Indonesian Political, Business & Finance News

Analysts Identify 2026 as Year of Garuda Acceleration, Potential Exit from Survival Phase

| | Source: KOMPAS Translated from Indonesian | Business
Analysts Identify 2026 as Year of Garuda Acceleration, Potential Exit from Survival Phase
Image: KOMPAS

Jakarta – The year 2026 is projected to mark an acceleration phase in the recovery of PT Garuda Indonesia’s (Persero) Tbk (GIAA) operational performance, following a period of fundamental consolidation throughout 2025 and capital structure strengthening from its majority shareholder, Danantara Indonesia.

This projection has emerged alongside a capital injection of Rp 23.67 trillion, which is viewed as fundamentally transforming the company’s structure whilst accelerating the transition from a survival phase towards structured recovery.

UOB Kay Hian analyst Benyamin Mikael has identified this support as the primary catalyst for recovery. “The Rp 23.67 trillion capital injection from Danantara is the principal catalyst transforming the company’s fundamentals and accelerating the recovery process,” stated Benyamin in a statement on Friday (27 February 2026).

This sentiment has been reflected in share price movements. In early January 2026, GIAA shares strengthened by 9.76 per cent to Rp 90 per share, a rise reflecting increased investor confidence in the sustainability of the transformation and shareholder support.

According to Benyamin, Danantara’s presence as a state asset management entity strengthens not only the financial position but also creates structural stability and long-term credibility for the national airline. “The primary focus is ensuring operational readiness and a healthier financial structure as a prerequisite for sustainable growth,” he added.

Throughout 2025, the Garuda Group executed fleet maintenance and reactivation programmes in phases according to operational planning. This progress has demonstrated consistent and measurable improvements in fleet readiness.

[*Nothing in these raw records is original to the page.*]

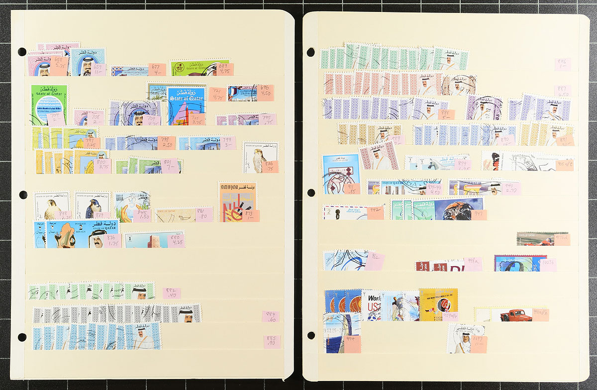 Several Middle Eastern country accumulations, well organized on 18 manila stockpages. Strongest is Ajman (with its usual range of topical friendly issues), Dubai (#65-66, #C1-C8 all mint), Fujeira (#1-18), Qatar (#108G used, #890 (7x used), #891 (3x used)) and touches from Abu Dhabi, Sharjah and South Arabia. Excellent condition and not often seen. A mix of mint and used (with some cancelled-to-order), in quantities up to 10 of a type, many identified by their Scott catalogue numbers and (older) catalogue values. Estimate =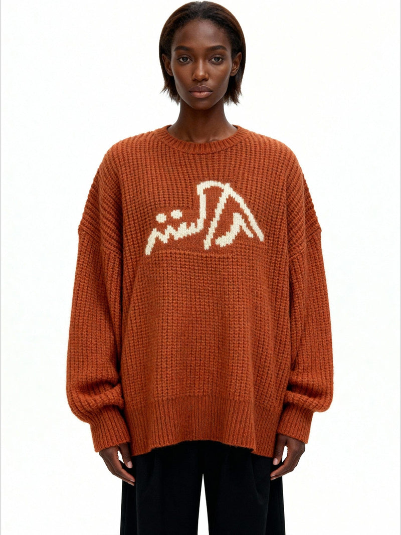 The Cognac Made in Pakistan Sweater captures warmth and identity through material and color. Crafted from a blend of acrylic, nylon, and woolen thread, it features the Urdu “Made in Pakistan” motif in contrast tone across the chest.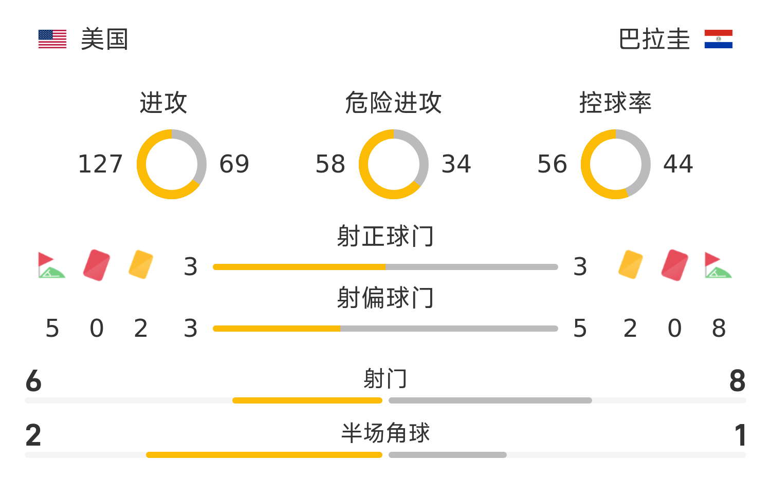 รายชื่อตัวจริงของปารากวัย: 12-กิล, 15-โกเมซ, 6-อลอนโซ่, 14-ริเวรอส, 4-กาเซเรส, 19-เอนซิโซ (72 ’20-โอเจดา), 16-โบบาดิลลา, 8-โกเมซ (80'26-โรเมโร), 10-อัลมิรอน, 11-กอนซาเลซ (61'7-โซซ่า), 18-อัลส์ (7 2'9-ซานาเบรีย)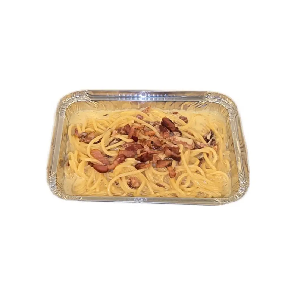 Zubereitet mit Speck, Ei, Rahmsauce und Parmesan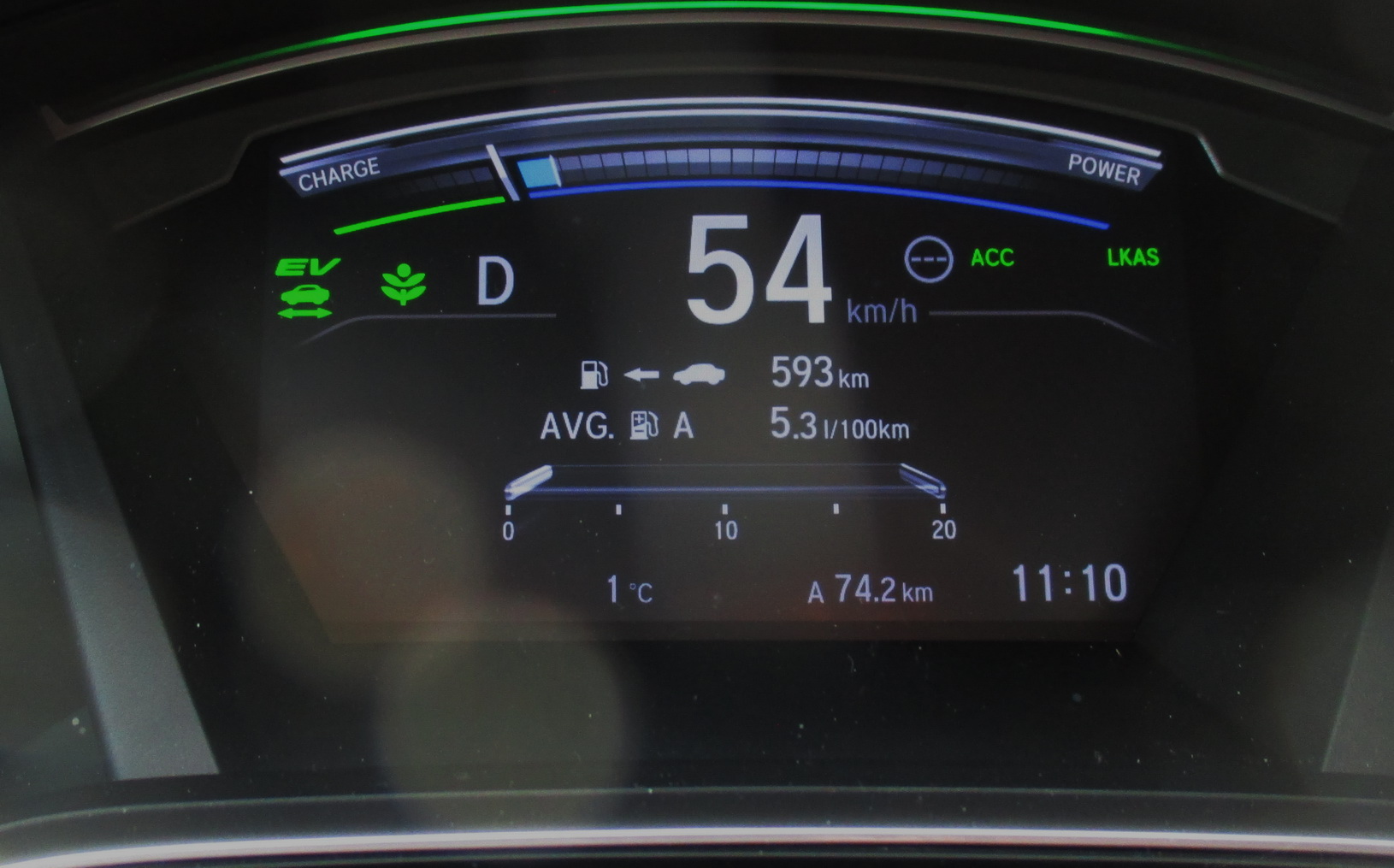 Pour ce faire le CR-V n'est pas équipé d'un compte-tours ce qui est un choix philosophique signifiant que le moteur thermique est secondaire. Je pense que c'est une erreur, car par son fonctionnement, un compte-tours témoignerait des diverses sources d'énergie. Cela dit, il est possible d'afficher les divers flux d'énergie mais leur lecture n'est pas très visible. C'est certainement un tic de journaliste car un possesseur de CR-V se satisfera plus de sa faible consommation que de la façon dont il l'obtient.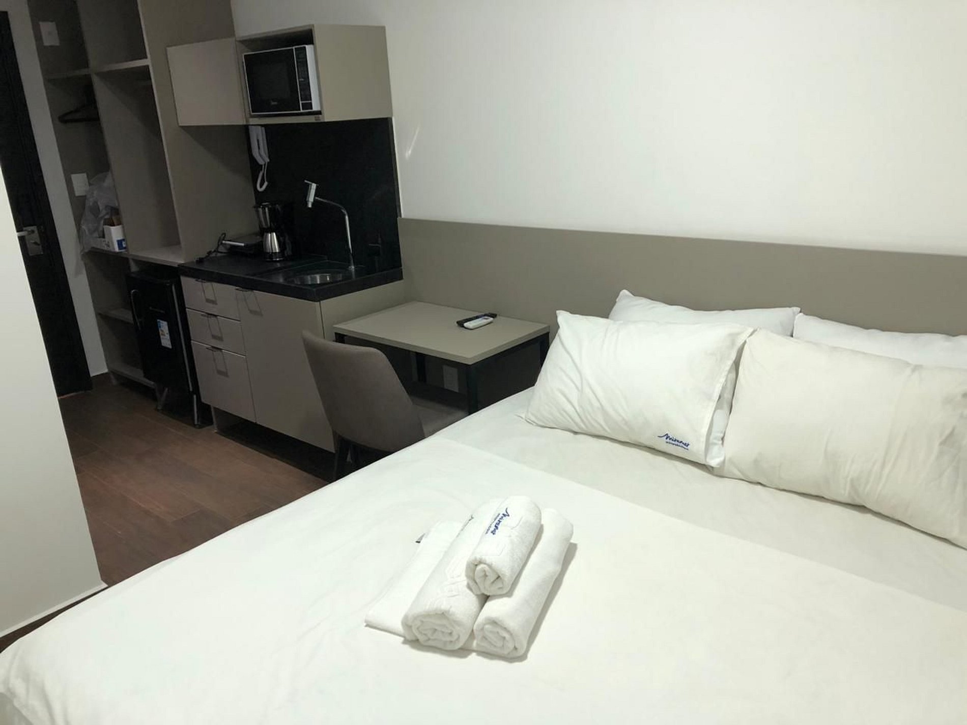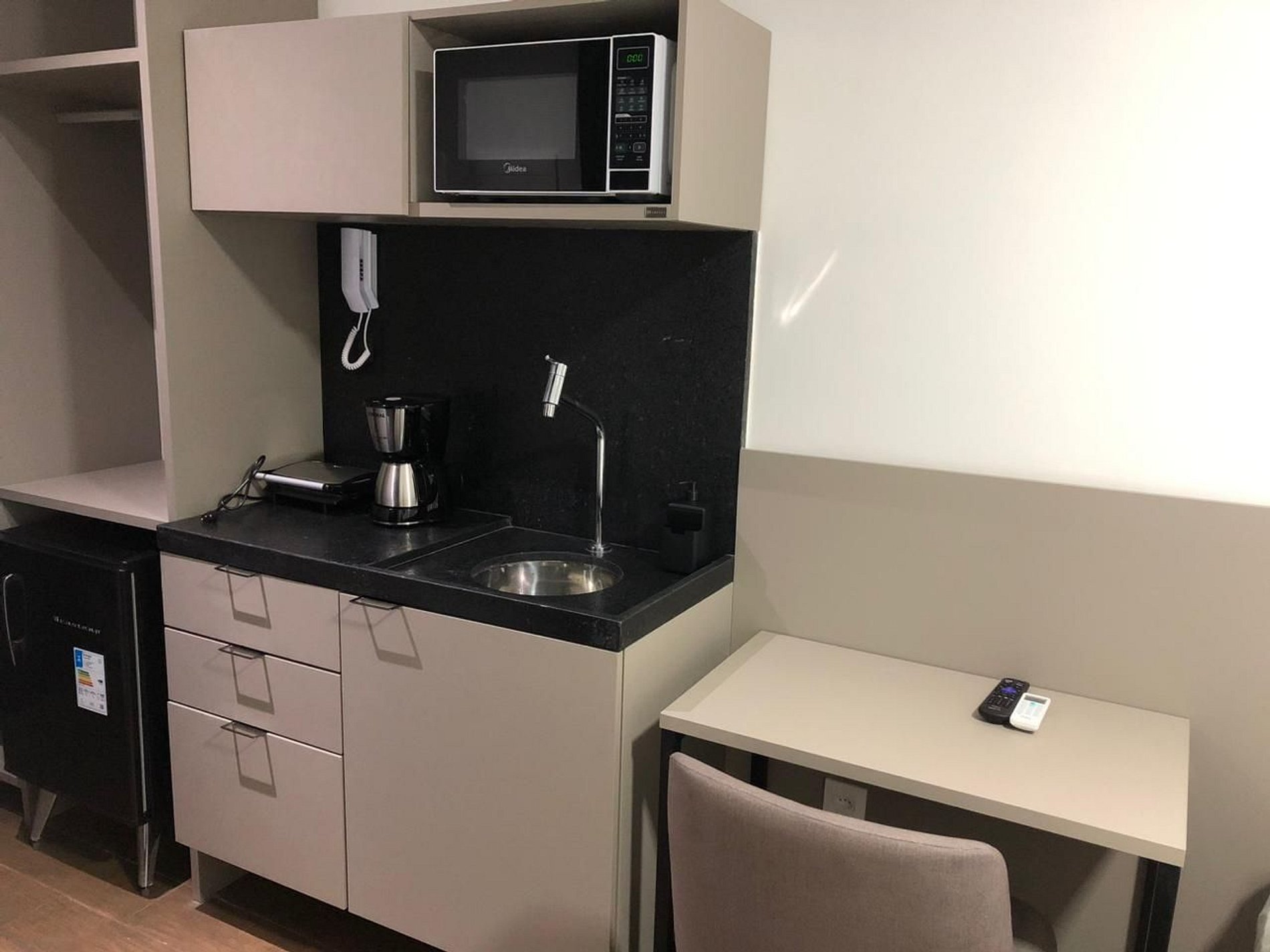 A cozinha compacta inclui frigobar, micro-ondas, sanduicheira e cafeteira.

This strategy prioritises service quality and sustainability rather than aggressive short-term expansion. This approach is regarded as essential for ensuring the transformation proceeds discipline before entering an optimisation capacity phase.

From an operational perspective, fleet reactivation has shown significant progress. Throughout 2025, 15 aircraft were successfully reactivated. This number will be strengthened by an additional 13 aircraft targeted to operate in 2026. The active fleet increased to 90 aircraft by end of 2025, compared with 68 aircraft in 2022.

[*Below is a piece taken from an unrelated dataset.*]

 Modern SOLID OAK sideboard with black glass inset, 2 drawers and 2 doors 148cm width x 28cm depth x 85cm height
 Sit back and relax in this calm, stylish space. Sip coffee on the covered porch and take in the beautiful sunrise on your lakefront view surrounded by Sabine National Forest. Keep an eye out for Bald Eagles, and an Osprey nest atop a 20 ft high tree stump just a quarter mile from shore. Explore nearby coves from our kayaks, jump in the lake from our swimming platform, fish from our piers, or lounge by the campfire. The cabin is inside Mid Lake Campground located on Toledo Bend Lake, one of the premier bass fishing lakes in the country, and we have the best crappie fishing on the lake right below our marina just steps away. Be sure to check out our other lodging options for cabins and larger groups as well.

Third quarter 2025 performance also recorded improvements in passenger, charter and cargo revenues, accompanied by more disciplined cost management.

Going forward, management is considering strengthening the fleet structure through the addition of six aircraft with direct purchase options to optimise debt structure and improve the leverage profile.

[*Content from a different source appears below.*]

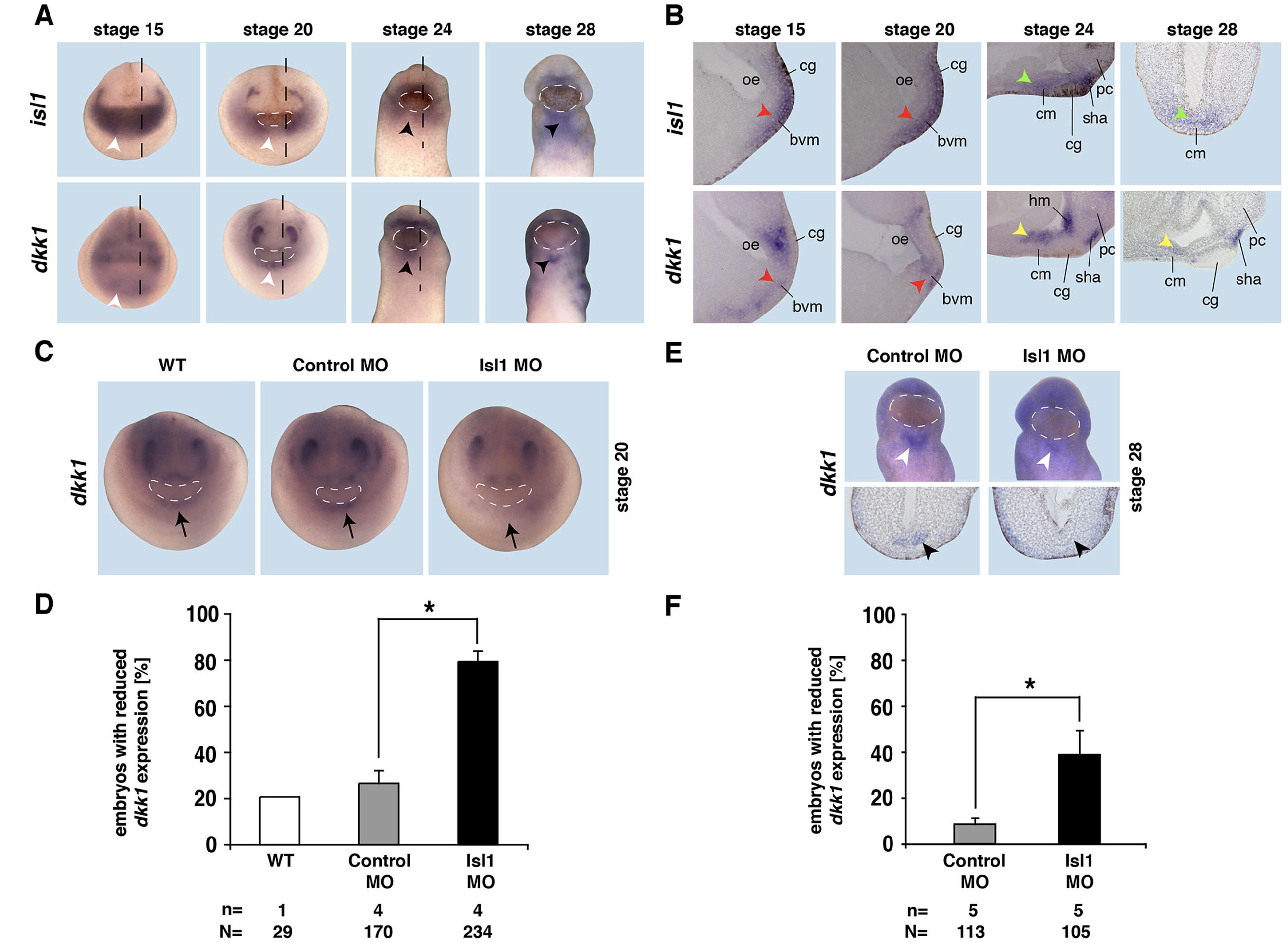 Fig. 2. Expression of dkk1 and isl1 and their regulation in early development of Xenopus laevis. A. WMISH shows the spatial expression of isl1 and dkk1 in early cardiogenesis. Both isl1 and dkk1 are present in the cardiac crescent at stage 15 (white arrowhead). At stage 20 (white arrowhead) and stage 24 (black arrowhead), dkk1 is expressed in the middle line where isl1 is absent. At stage 28, dkk1 is expressed in a small expression domain at the ventral midline, whereas isl1 covers a broader expression domain (black arrowheads). White dotted lines indicate the cement gland. Black dotted lines indicate the orientation of the sections shown in B. B. Parasaggital and cross sections reveal co-expression of dkk1 and isl1 in the border of ventral mesoderm (bvm, red arrowhead) and cardiac mesoderm (cm) (green arrowhead). At stages 24 and 28, dkk1 is expressed in the overlying endoderm (yellow arrowhead) in close proximity to the cardiac mesoderm. bvm: border of ventral mesoderm, cg: cement gland, cm: cardiac mesoderm, hm: head mesenchyme, oe: oral evagination, pc: prosencephalon, sha: stomodeal-hypophyseal anlage. C. Isl1 deletion leads to a reduced dkk1 expression at stage 20 (black arrow). Dotted lines indicate the cement gland. Quantification is presented in D. E. At stage 28 dkk1 expression is reduced at the ventral midline upon Isl1 knockdown (white and black arrowheads). Quantitative presentation is shown in F. Mean values with standard errors are given. n = number of independent experiments, N = total number of embryos analyzed. *pâ¯<â¯0.05 with Mann-Whitney rank sum test. |

With a combination of capital strengthening, 2025 operational consolidation and 2026 capacity optimisation, management estimates that net profit can be achieved by end of 2027.

For the market, this projection signals a narrative shift: from survival phase to structured recovery. Should transformation discipline and shareholder oversight be consistently implemented, Garuda Indonesia has the potential to reassert its position as a healthier and more competitive long-term national airline.